When you sent your article to the ILR and asked that it be accepted and published, there was a risk that just an event might occur. I am sorry that the final result did not meet your satisfaction, but it was your work so I see no question of their integrity.
If it make you feel any better, almost every article I have published gives me a pang as I read it after publication. I see arguments that I might have framed better, rhetoric that could have been more artful or more precise, or even an additional source that I could have cited. I think that this is one of the risks of writing for publication.
I am confident that succeeding student editorial boards have learned from their correspondence with you, but they have a new round of articles that they must work hard to publish. I encourage you to do the same. You are obviously quite thoughtful. I suspect that you have a lot more to contribute. Thank you for reaching out.
Note the dean’s position:
- If you submit an article to Iowa Law Review, you accept the risk that the editors will use threats to publish an incomplete draft without your permission in order to compel you to sign off on publication. (“When you sent your article to the ILR and asked that it be accepted and published, there was a risk that just [sic] an event might occur.”)
- So long as the flawed draft that is published has not been altered by the editors, the Iowa Law administration sees no problem. (“I did satisfy myself that the ILR published a document that you provided. That resolved the case for me.”)
Dean Washburn’s email is a warning to scholars everywhere not to trust the quality of the scholarship that they find in Iowa Law Review. And a warning to authors that their interests count for almost nothing at this journal.
Indeed, it is remarkable to me that, despite having received two years of protestations from me regarding the quality of the article that Iowa Law Review published, neither the editors nor the Iowa Law administration has shown any interest in reviewing the substance of the article in order to understand the extent of the problems with it. Nor have either of them shown any interest in, at the very least, warning readers that the author considers the article as it appears in the journal to be seriously flawed.
One gets the impression that Iowa Law Review, and the Iowa Law administration more generally, wish to be left alone to go through the motions of running a top-ranked law review without having to concern themselves with the actual quality of what the Iowa Law Review publishes.
This is the only way to understand how the journal could use threats to compel an author to meet a deadline and still expect to receive a draft of passable quality, then waive its own quality control checks in order to rush it into print, and then refuse to update the article in the databases when the author brings his concerns about the article’s quality to them.
And what is one to make of the half-admission in the dean’s email, to wit, “I am confident that succeeding student editorial boards have learned from their correspondence with you”?
Unlike the editors, who refused to let me describe my experience as a “hiccup” because in their view “there was no hiccup”, Dean Washburn seems to think that something did transpire from which the editors might learn.
It is Accountability 101, however, that an organization will not learn unless it acts to correct its mistakes, even when doing so is costly (which it would not be in this case). And Iowa Law Review has been unwilling to fix my article.

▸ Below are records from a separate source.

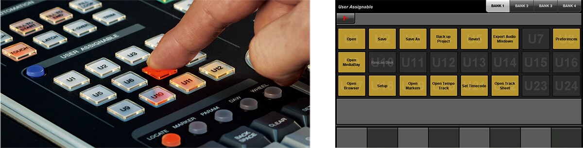 Every engineer has his or her own way of approaching the editing process, and every application presents different challenges. The Nuage Master unit features a "User Assignable Section" with controls that can be customized by the operator to provide direct access to the functions and parameters needed for the task at hand. Functions that need to be performed repeatedly, such as importing audio files, for example, can be assigned for one-button efficiency. 12 hardware user assignable buttons and 96 soft keys (24 x 4 banks) provide plenty of capacity.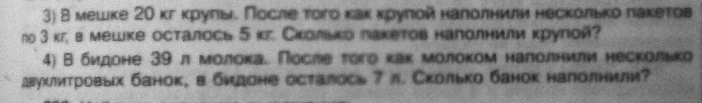 (20-5) : 3=15:3=5 пакетов наполнили крупой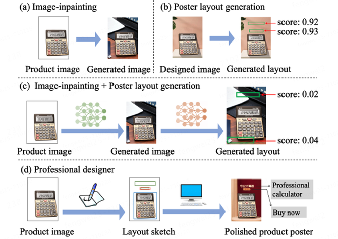 目前尚无端到端商品海报生成技术,与其较为相关的两个领域为图像填充以及商品海报布局生成。如下图(a)所示,图像填充技术可以根据已有的商品图像,自动生成商品的背景区域。如下图(b)所示,商品海报布局生成技术可以在人类设计师产出的海报上,寻找可放置视觉元素的位置。因此,简单的将两个任务串联起来可被视作一种实现端到端商品海报生成的基础方案。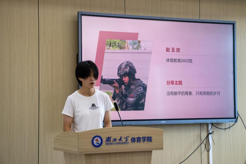 来自体育公司的赵玉欣学姐则分享了自己在武警部队的成长感悟。她坦言,初入军营时曾因“三点一线”的单调生活而迷茫,但在领导和班长的鼓励下,她逐渐明白“军人的价值不仅是靠轰轰烈烈来证明”。通过反复练习站岗执勤、提升业务能力,她在日复一日的坚守中读懂了“责任”与“担当”。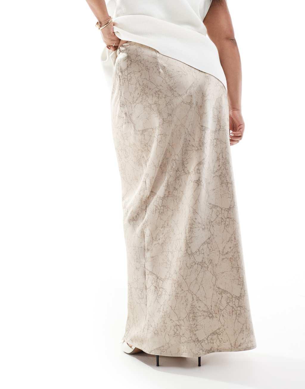 4th & Reckless Plus satin maxi skirt in beige snake print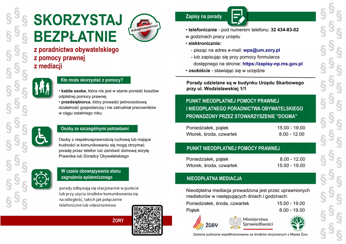 Na terenie miasta Żory funkcjonuje system nieodpłatnej pomocy prawnej, nieodpłatnego poradnictwa obywatelskiego oraz nieodpłatnej mediacji w ramach ogólnopolskiego systemu nieodpłatnej pomocy prawnej, poradnictwa obywatelskiego oraz edukacji prawnej (Ustawa z dnia 5 sierpnia 2015 r. o nieodpłatnej pomocy prawnej, nieodpłatnym poradnictwie obywatelskim oraz edukacji prawnej).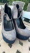 unique and rare ultra chunky ultra high platform, navy blue gray suede pumps with buckle ankle strap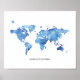 Pôster Nunca Pare de Explorar Mapa do Mundo Azul Impressã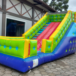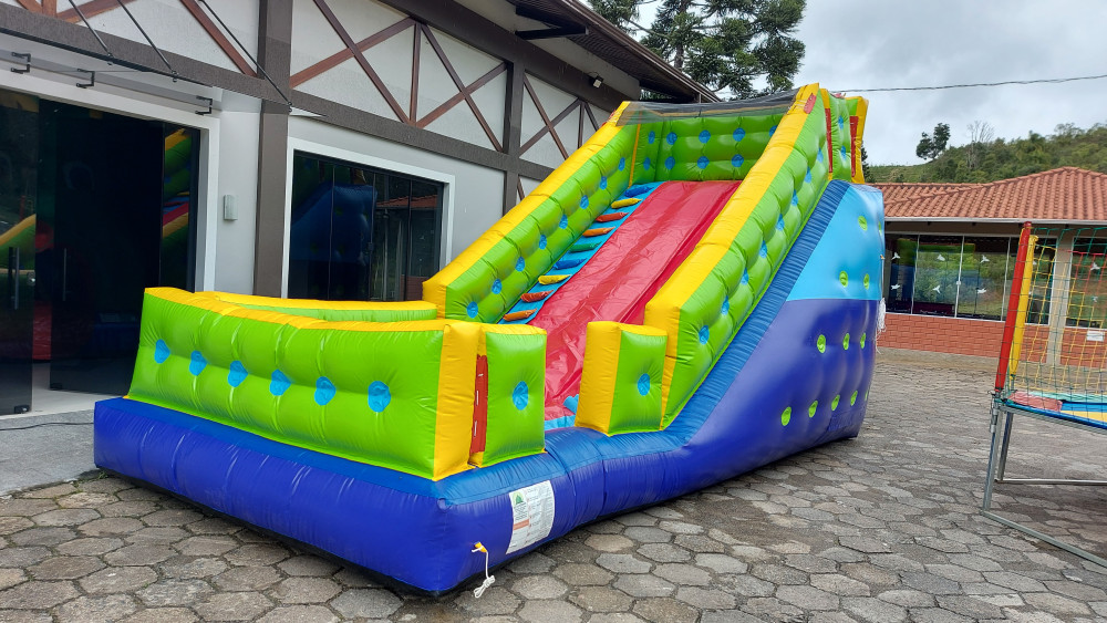 Tobogã feito em lona italiana ou em KP 1.000 sendo o melhor material hoje no mercado, não possui arco, tem 02 rampas de escorrega e 02 escada para proteger as paredes, somente uma portinha de acesso para melhor segurança dos usuários, telas dentro do inflável a cada 60cm com reforço em toda sua dimensão para uma manutenção sem gastos, paredes superior com total segurança possuindo um sistema de não aglomeração de usuários com proteção de tela para que não haja os famosos pulos para escorregar.

What I find most troubling about this episode is that it is a study in organizational evasion of accountability carried out by students who are supposed to be in the process of training to ensure that the organizations of the future will take responsibility for their misdeeds—and ratified by the lead trainer himself.
If any member of the three Iowa Law Review boards with which I have dealt on this issue goes on to advise a Peloton to stonewall the Consumer Products Safety Commission after its exercise bikes start chewing up toddlers, the former law review editor will have good reason to protest that she learned how to do that at in law school. (Fortunately, the stakes of this particular lesson have been comparatively low.)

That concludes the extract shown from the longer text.